Deep Logic of Why Interactions Deserve Their Own Entity in ERD - Entity-Relational Diagram
- Renee Li
- Nov 19
- 1 min read
I realized that every interaction is an object label another object into different categories.
What interactions do? They label or categorize foundational objects in new ways. My understanding is that they is a group of foundational objects label / categorize another group of foundational objects. As a consequence, new attributes occur. That's the fundamental reason why wen need to create a new entity for this type of interactions.
🔹 Interactions as Object Labeling
When you say “every interaction is an object labeling another object into different categories”, you’re pointing to a deep truth:
Foundational objects (vaults): Person, Manuscript, Interest.
Interactions (ledgers): Assignment, Feedback, Publication.
What interactions do: They label or categorize foundational objects in new ways.
Examples
Assignment: Labels a Person as Reviewer or Editor in relation to a Manuscript.
Feedback: Labels a Manuscript with quality categories (accepted, rejected, revise).
Publication: Labels a Manuscript as published and assigns it to an Issue/Period.
So interactions aren’t just events—they’re categorization rituals that give objects new identities or states.
The deep logic of why interactions deserve their own entity:
🔹 Interactions as Categorization Engines
Foundational objects (vaults): Person, Manuscript, Interest.

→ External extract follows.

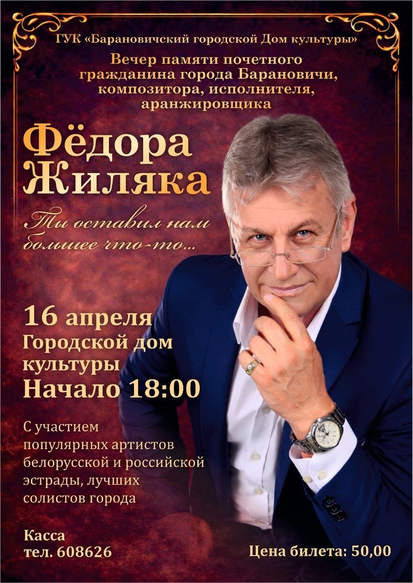 , аранжировщика Фёдора Жиляка, который состоится в ГУК «Барановичский городской Дом культуры». В концерте также примут участие Анатолий Ярмоленко, Ядвига Поплавская и другие. Средства, вырученные от мероприятия, будут направлены на изготовление памятника и мемориальной доски. Билеты можно приобрести через кассы Дома культуры: 8(0163) 60-86-26. Также вы можете обратиться в сообщения канала, и мы постараемся помочь вам с приобретением. 📌 ГУК «Барановичский городской Дом культуры» (Респ. Беларусь, Брестская обл., г. Барановичи, ул. Ленина, д. 4А); 📌 16 апреля в 18:00.

Interactions (ledgers): Assignment, Feedback, Publication.
What happens:
A group of foundational objects (e.g., Person + Manuscript + Editor)
Labels or categorizes another group of foundational objects (e.g., Manuscript becomes “Assigned,” Person becomes “Reviewer”).
This act of categorization creates new attributes that didn’t exist before (e.g., DateAssigned, Recommendation, IssueNumber).